In the era of early jazz and swing, the violin was often an instrument that carried a hint of an old-fashioned sound--a suggestion of classical music, of the high-society dance orchestra, of the gypsy café music of Europe. But Stuff Smith, considered one of the most important jazz violinists of his time, made music that told a different story: Smith's violin was raucous, rhythmically daring, and bluesy, looking toward the future, not the past. Like most great jazz players, Smith pushed the envelope in his playing, and later in his career he adapted with little difficulty to the new musical language of bebop. Smith also sang and was the composer of several jazz standards.
Hezekiah Leroy Gordon Smith was born in Portsmouth, Ohio, on August 14, 1909, but grew up in Cleveland. His father taught him to play the violin and encouraged him to study classical music. Smith took some music lessons but switched to jazz after hearing Louis Armstrong play the trumpet; Armstrong influenced Smith's own style at a fundamental level. Although he had received a scholarship to study at Johnson C. Smith University, Smith opted for a musical life instead. At age 15 he joined a touring minstrel show, the Aunt Jemima Revue.

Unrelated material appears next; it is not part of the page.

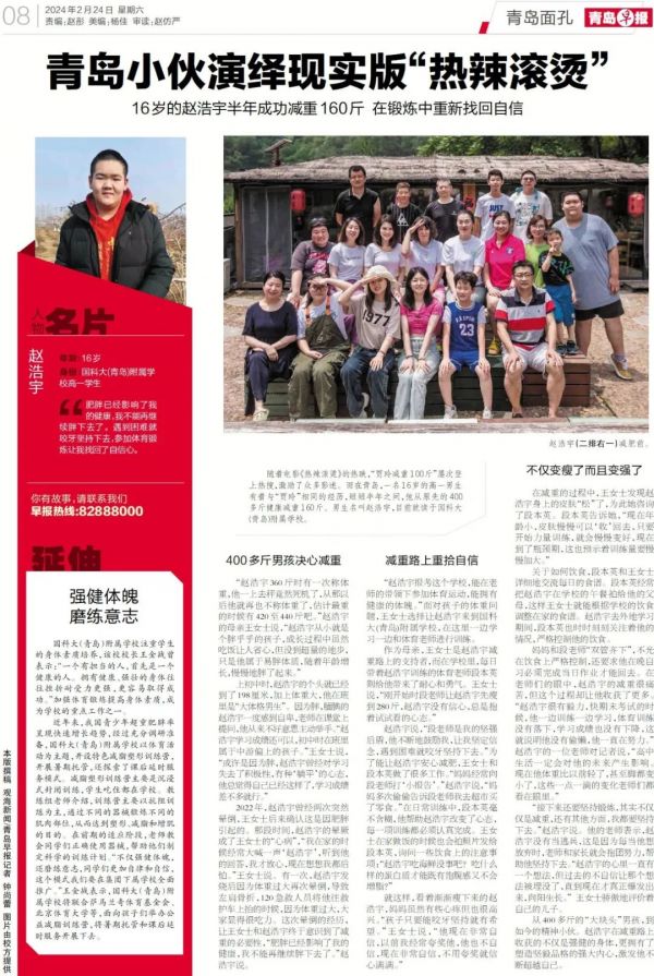 随着电影《热辣滚烫》的热映,“贾玲减重100斤”屡次登上热搜,激励了众多影迷。而在青岛,一名16岁的高一男生有着与“贾玲”相同的经历,短短半年之间,他从原先的400多斤健康减重160斤。男生名叫赵浩宇,目前就读于国科大(青岛)附属学校。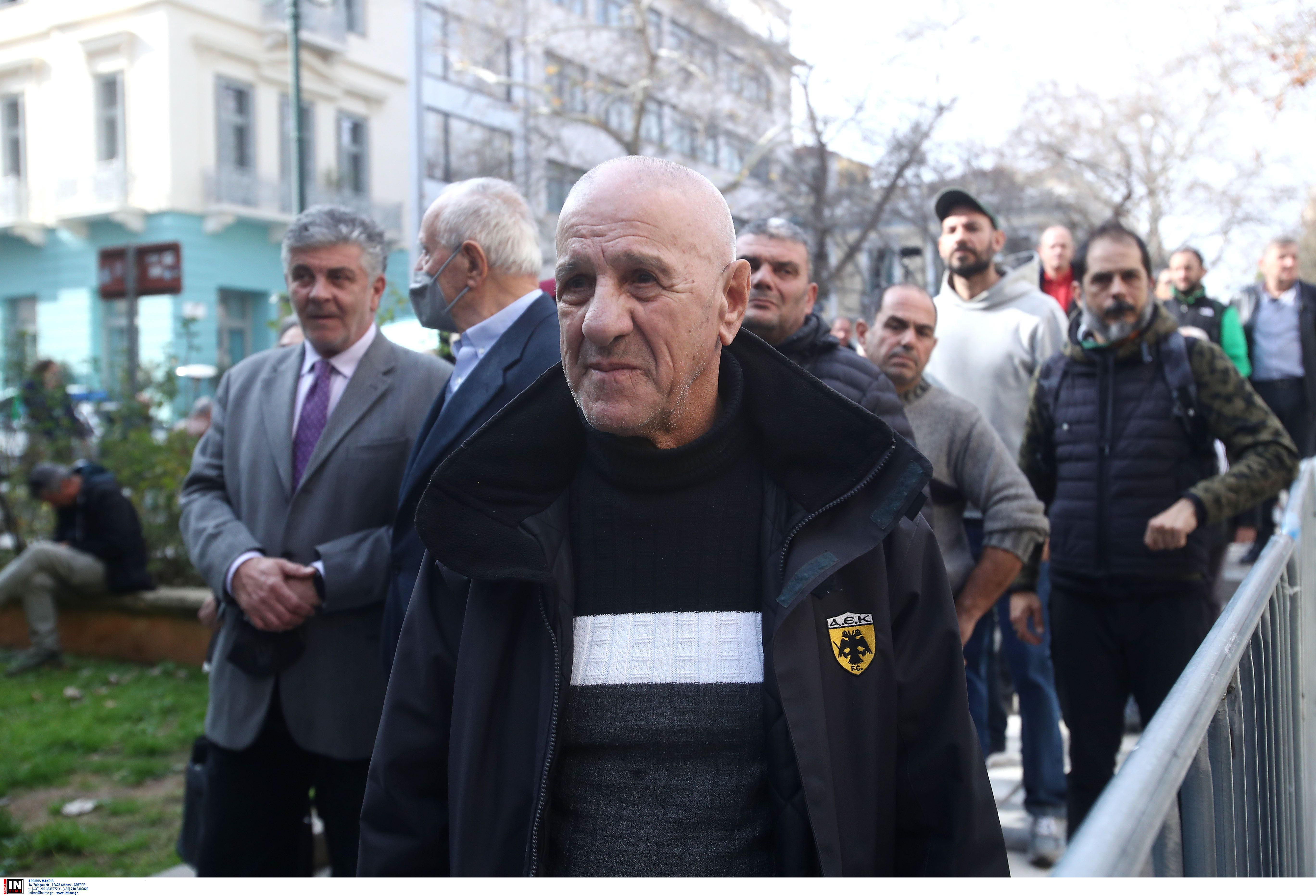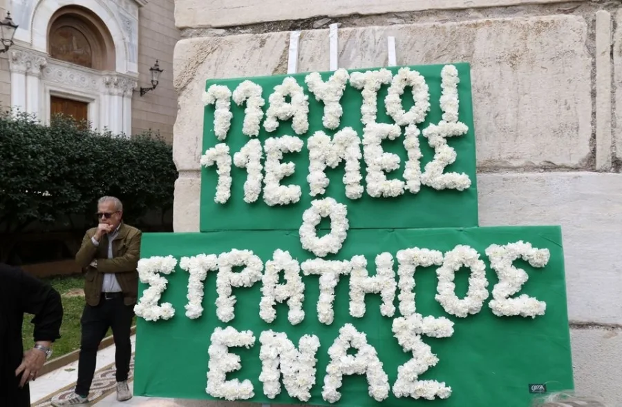 Πλήθος κόσμου μετά το παρεκκλήσι της Μητρόπολης Αθηνών μετακινήθηκαν δίπλα στον μητροπολιτικό ναό προκειμένου να αποχαιρετήσουν τον Μίμη Δομάζο, ενώ ο χώρος έχει γεμίσει με στεφάνια. Ένα από αυτά μάλιστα αναφέρει «11 αυτοί 11 εμείς, ο στρατηγός ένας».

In 1926 Smith joined the Dallas-based band of Alphonso Trent; this was one of the so-called territory bands that grew from the improvisatory and bluesy roots of jazz rather than moving toward the more composed and arranged style of the eastern seaboard. He stayed with Trent for four years, moving briefly to the band of Ferdinand Jelly Roll Morton but returning after becoming frustrated that his violin could not be heard over the dense sound of Morton's group. In 1930 Smith formed his own band in Buffalo, New York.